Stored dataset items
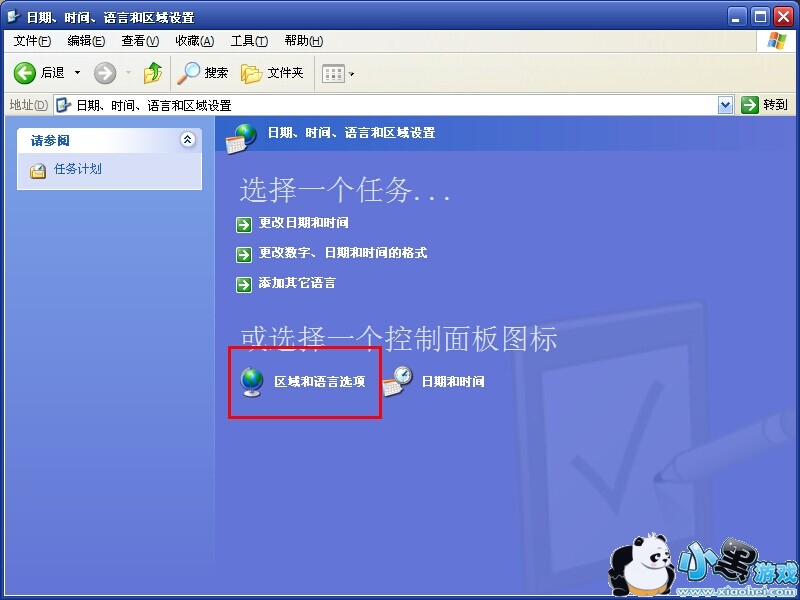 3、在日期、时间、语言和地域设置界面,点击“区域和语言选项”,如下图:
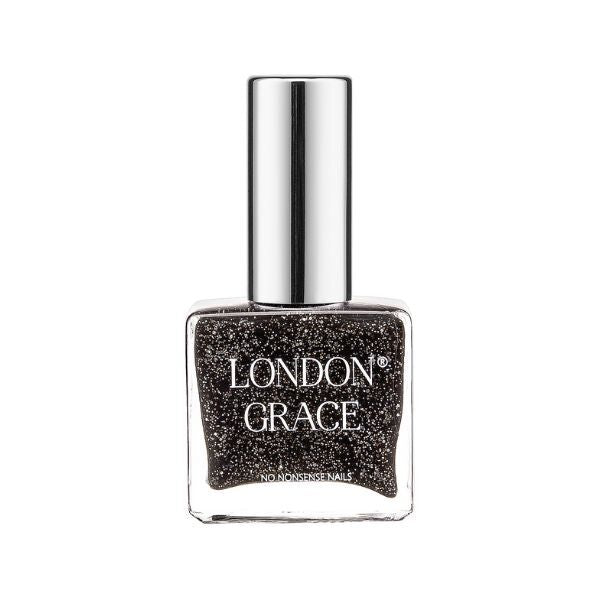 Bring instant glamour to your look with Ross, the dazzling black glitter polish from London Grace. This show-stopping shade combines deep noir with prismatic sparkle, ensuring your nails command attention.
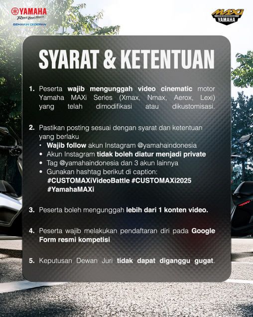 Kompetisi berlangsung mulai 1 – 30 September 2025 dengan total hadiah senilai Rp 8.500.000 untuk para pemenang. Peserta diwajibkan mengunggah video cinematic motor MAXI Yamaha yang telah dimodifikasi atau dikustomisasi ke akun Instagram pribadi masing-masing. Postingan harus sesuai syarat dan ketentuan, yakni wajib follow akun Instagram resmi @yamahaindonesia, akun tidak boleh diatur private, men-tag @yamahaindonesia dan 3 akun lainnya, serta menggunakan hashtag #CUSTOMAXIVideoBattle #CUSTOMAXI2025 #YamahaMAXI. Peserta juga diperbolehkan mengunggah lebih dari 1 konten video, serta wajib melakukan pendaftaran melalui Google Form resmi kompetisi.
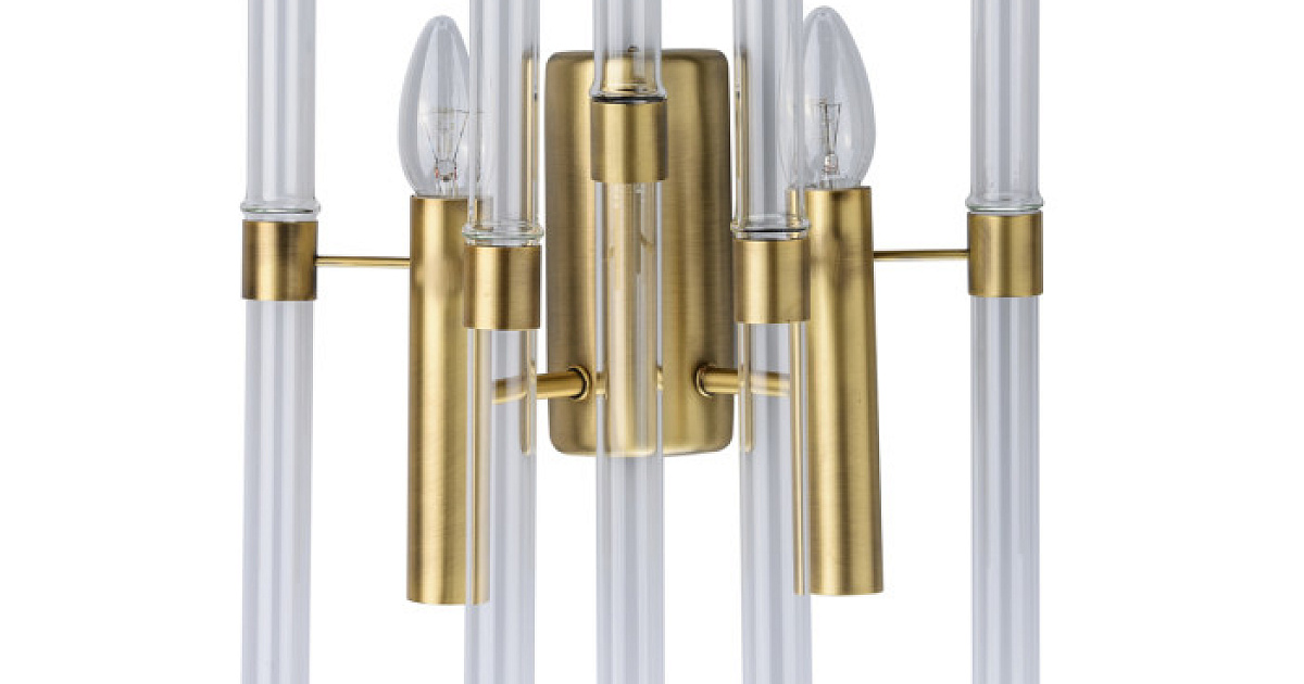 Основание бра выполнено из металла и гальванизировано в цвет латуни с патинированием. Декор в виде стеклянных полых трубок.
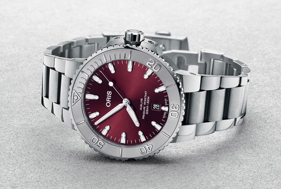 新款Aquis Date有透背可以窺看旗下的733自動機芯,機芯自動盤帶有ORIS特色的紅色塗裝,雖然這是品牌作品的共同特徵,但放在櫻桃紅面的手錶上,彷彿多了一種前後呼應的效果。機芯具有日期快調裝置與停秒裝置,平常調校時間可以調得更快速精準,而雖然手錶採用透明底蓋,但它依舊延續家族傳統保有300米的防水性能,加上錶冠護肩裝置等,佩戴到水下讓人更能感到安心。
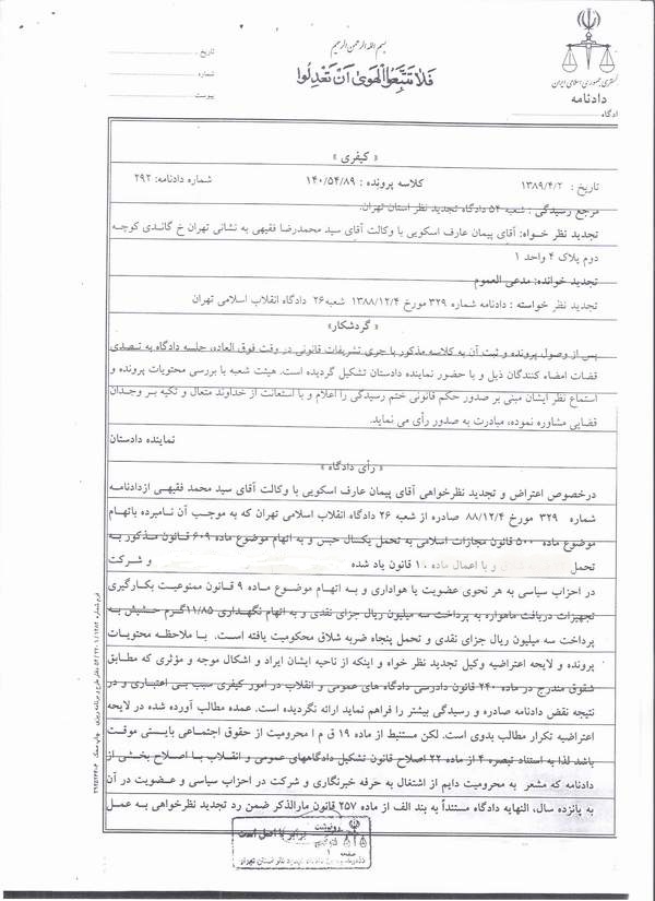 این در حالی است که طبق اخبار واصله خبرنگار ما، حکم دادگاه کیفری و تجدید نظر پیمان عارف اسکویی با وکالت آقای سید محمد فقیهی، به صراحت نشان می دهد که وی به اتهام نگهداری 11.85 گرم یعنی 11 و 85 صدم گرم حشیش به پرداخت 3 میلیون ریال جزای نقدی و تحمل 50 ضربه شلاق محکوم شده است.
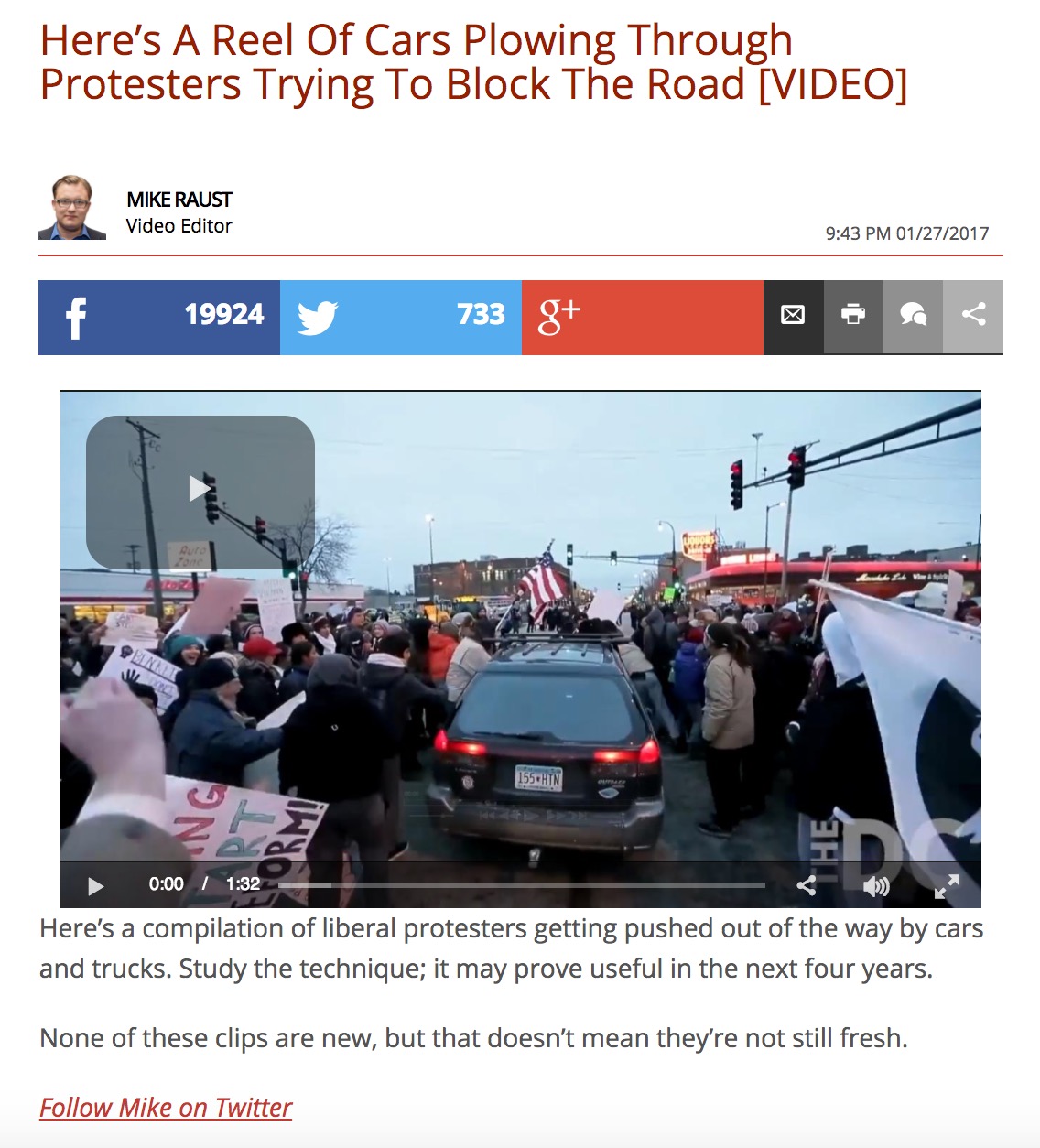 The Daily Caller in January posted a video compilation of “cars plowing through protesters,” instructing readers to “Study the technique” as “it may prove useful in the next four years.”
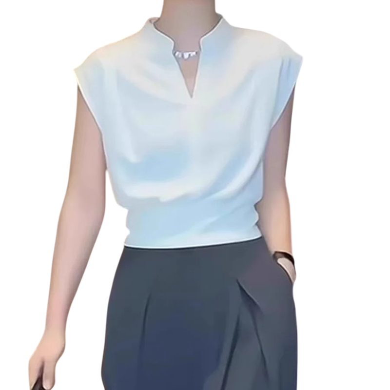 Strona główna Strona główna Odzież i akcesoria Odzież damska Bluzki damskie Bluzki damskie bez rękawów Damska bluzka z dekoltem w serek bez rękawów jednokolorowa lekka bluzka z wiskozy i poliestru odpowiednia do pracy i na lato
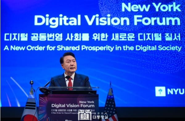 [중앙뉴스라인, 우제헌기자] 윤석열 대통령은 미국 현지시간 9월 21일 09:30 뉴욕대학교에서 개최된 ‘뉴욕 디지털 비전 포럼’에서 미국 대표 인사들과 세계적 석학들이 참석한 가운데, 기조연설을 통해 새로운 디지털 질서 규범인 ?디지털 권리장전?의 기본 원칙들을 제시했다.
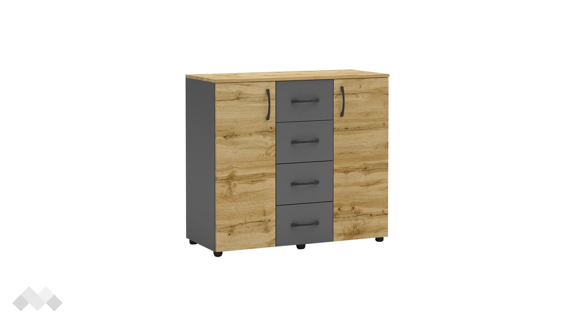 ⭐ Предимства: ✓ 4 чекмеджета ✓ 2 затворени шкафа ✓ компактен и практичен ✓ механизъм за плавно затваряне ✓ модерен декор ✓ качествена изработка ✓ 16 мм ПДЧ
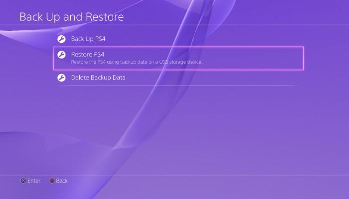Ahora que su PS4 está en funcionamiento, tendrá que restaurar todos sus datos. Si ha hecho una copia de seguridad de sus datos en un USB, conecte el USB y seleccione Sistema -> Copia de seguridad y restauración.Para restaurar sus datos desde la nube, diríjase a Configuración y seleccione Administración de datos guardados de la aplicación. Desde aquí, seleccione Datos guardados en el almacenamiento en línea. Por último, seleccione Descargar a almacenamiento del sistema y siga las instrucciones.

Task objective:
Return every record above exactly as written, but drop the pictures.

Solution to the exercise:
 3、在日期、时间、语言和地域设置界面,点击“区域和语言选项”,如下图:
 Bring instant glamour to your look with Ross, the dazzling black glitter polish from London Grace. This show-stopping shade combines deep noir with prismatic sparkle, ensuring your nails command attention.
 Kompetisi berlangsung mulai 1 – 30 September 2025 dengan total hadiah senilai Rp 8.500.000 untuk para pemenang. Peserta diwajibkan mengunggah video cinematic motor MAXI Yamaha yang telah dimodifikasi atau dikustomisasi ke akun Instagram pribadi masing-masing. Postingan harus sesuai syarat dan ketentuan, yakni wajib follow akun Instagram resmi @yamahaindonesia, akun tidak boleh diatur private, men-tag @yamahaindonesia dan 3 akun lainnya, serta menggunakan hashtag #CUSTOMAXIVideoBattle #CUSTOMAXI2025 #YamahaMAXI. Peserta juga diperbolehkan mengunggah lebih dari 1 konten video, serta wajib melakukan pendaftaran melalui Google Form resmi kompetisi.
 Основание бра выполнено из металла и гальванизировано в цвет латуни с патинированием. Декор в виде стеклянных полых трубок.
 新款Aquis Date有透背可以窺看旗下的733自動機芯,機芯自動盤帶有ORIS特色的紅色塗裝,雖然這是品牌作品的共同特徵,但放在櫻桃紅面的手錶上,彷彿多了一種前後呼應的效果。機芯具有日期快調裝置與停秒裝置,平常調校時間可以調得更快速精準,而雖然手錶採用透明底蓋,但它依舊延續家族傳統保有300米的防水性能,加上錶冠護肩裝置等,佩戴到水下讓人更能感到安心。
 این در حالی است که طبق اخبار واصله خبرنگار ما، حکم دادگاه کیفری و تجدید نظر پیمان عارف اسکویی با وکالت آقای سید محمد فقیهی، به صراحت نشان می دهد که وی به اتهام نگهداری 11.85 گرم یعنی 11 و 85 صدم گرم حشیش به پرداخت 3 میلیون ریال جزای نقدی و تحمل 50 ضربه شلاق محکوم شده است.
 The Daily Caller in January posted a video compilation of “cars plowing through protesters,” instructing readers to “Study the technique” as “it may prove useful in the next four years.”
 Strona główna Strona główna Odzież i akcesoria Odzież damska Bluzki damskie Bluzki damskie bez rękawów Damska bluzka z dekoltem w serek bez rękawów jednokolorowa lekka bluzka z wiskozy i poliestru odpowiednia do pracy i na lato
 [중앙뉴스라인, 우제헌기자] 윤석열 대통령은 미국 현지시간 9월 21일 09:30 뉴욕대학교에서 개최된 ‘뉴욕 디지털 비전 포럼’에서 미국 대표 인사들과 세계적 석학들이 참석한 가운데, 기조연설을 통해 새로운 디지털 질서 규범인 ?디지털 권리장전?의 기본 원칙들을 제시했다.
 ⭐ Предимства: ✓ 4 чекмеджета ✓ 2 затворени шкафа ✓ компактен и практичен ✓ механизъм за плавно затваряне ✓ модерен декор ✓ качествена изработка ✓ 16 мм ПДЧ
Ahora que su PS4 está en funcionamiento, tendrá que restaurar todos sus datos. Si ha hecho una copia de seguridad de sus datos en un USB, conecte el USB y seleccione Sistema -> Copia de seguridad y restauración.Para restaurar sus datos desde la nube, diríjase a Configuración y seleccione Administración de datos guardados de la aplicación. Desde aquí, seleccione Datos guardados en el almacenamiento en línea. Por último, seleccione Descargar a almacenamiento del sistema y siga las instrucciones.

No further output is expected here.